* **Instructions for the task**
Because the images are not wanted, restate every line below word for word without them.

* **Given information**
————————

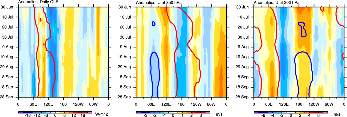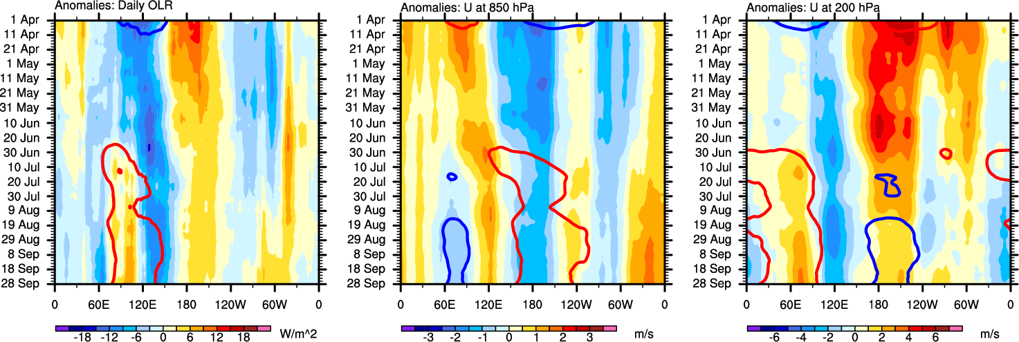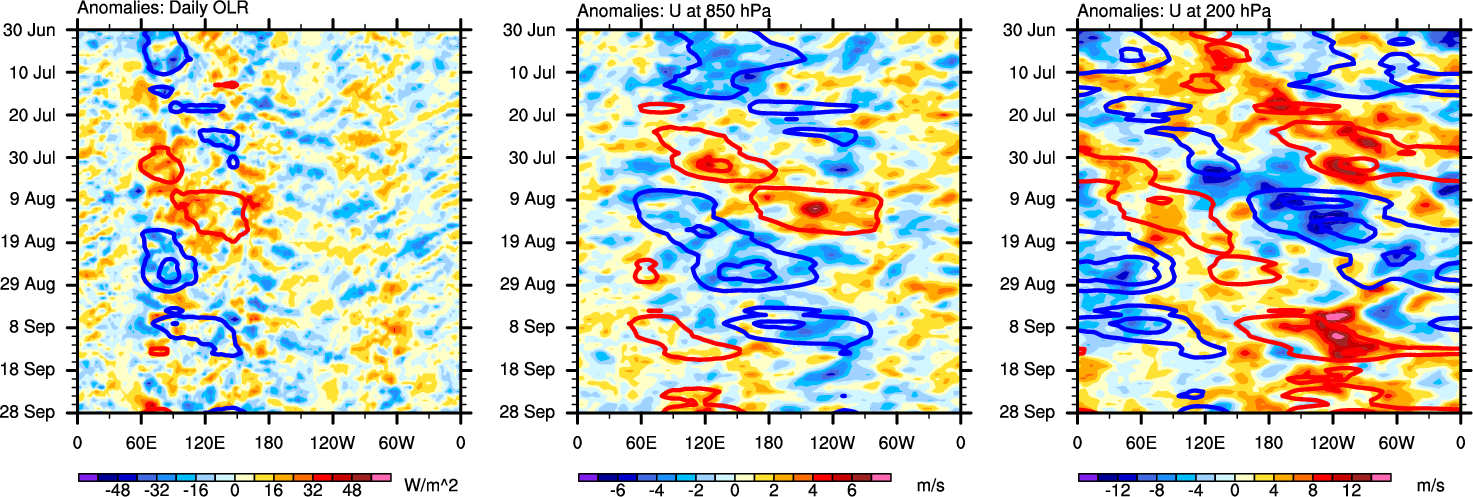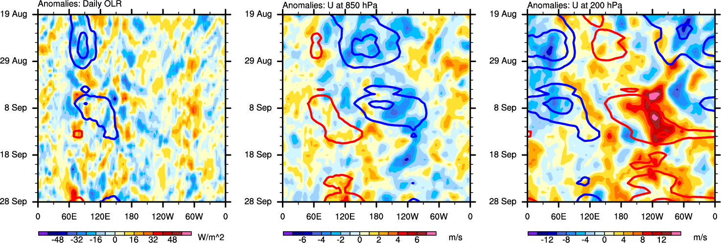 The Hovmollers show longitude-time plots for OLR, U-850, and U-200. The shading indicates the observed anomalies, while the contours are the projection of those anomalies onto the RMM EOFs.
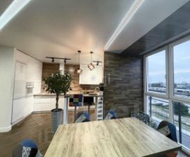 -большая кухня-гостиная почти 30 кв.м. с обеденной зоной и раскладным диваном,
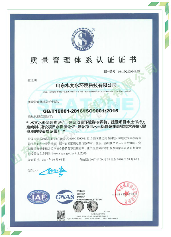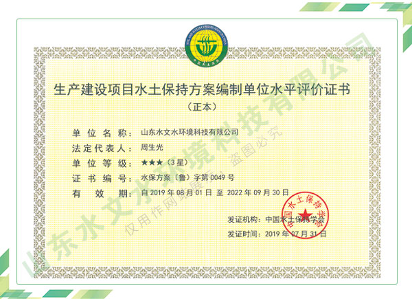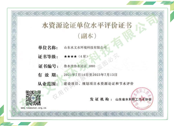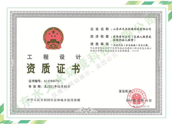 公司擁有水利工程設(shè)計、水土保持、水文水資源調(diào)查評價、水資源論證、建設(shè)項目環(huán)境影響評價、市政公用工程施工總承包、水利水電工程施工總承包、電子與智能化工程專業(yè)承包等資質(zhì),2017年通過質(zhì)量管理體系、環(huán)境管理體系、職業(yè)健康安全管理體系認(rèn)證;2020年被評為國家級高新技術(shù)企業(yè),同年被中國水利企業(yè)協(xié)會推薦為第一批“合同節(jié)水服務(wù)企業(yè)”;2021年被山東省、濟(jì)南市評為 “專精特新”中小企業(yè)。業(yè)務(wù)范圍涉及水利工程設(shè)計;節(jié)水設(shè)計、改造、水平衡測試;山洪災(zāi)害調(diào)查;城市水資源調(diào)查評價;建設(shè)項目水土保持方案編制、監(jiān)測、驗(yàn)收、水土保持規(guī)劃;水安全保障規(guī)劃、建設(shè)項目水資源論證、規(guī)劃水資源論證;建設(shè)項目環(huán)境影響評價;入河排污口論證;防洪影響評價;市政公用工程施工、水利水電工程施工、電子與智能化工程施工等。

————————

* **Output**
 The Hovmollers show longitude-time plots for OLR, U-850, and U-200. The shading indicates the observed anomalies, while the contours are the projection of those anomalies onto the RMM EOFs.
 -большая кухня-гостиная почти 30 кв.м. с обеденной зоной и раскладным диваном,
 公司擁有水利工程設(shè)計、水土保持、水文水資源調(diào)查評價、水資源論證、建設(shè)項目環(huán)境影響評價、市政公用工程施工總承包、水利水電工程施工總承包、電子與智能化工程專業(yè)承包等資質(zhì),2017年通過質(zhì)量管理體系、環(huán)境管理體系、職業(yè)健康安全管理體系認(rèn)證;2020年被評為國家級高新技術(shù)企業(yè),同年被中國水利企業(yè)協(xié)會推薦為第一批“合同節(jié)水服務(wù)企業(yè)”;2021年被山東省、濟(jì)南市評為 “專精特新”中小企業(yè)。業(yè)務(wù)范圍涉及水利工程設(shè)計;節(jié)水設(shè)計、改造、水平衡測試;山洪災(zāi)害調(diào)查;城市水資源調(diào)查評價;建設(shè)項目水土保持方案編制、監(jiān)測、驗(yàn)收、水土保持規(guī)劃;水安全保障規(guī)劃、建設(shè)項目水資源論證、規(guī)劃水資源論證;建設(shè)項目環(huán)境影響評價;入河排污口論證;防洪影響評價;市政公用工程施工、水利水電工程施工、電子與智能化工程施工等。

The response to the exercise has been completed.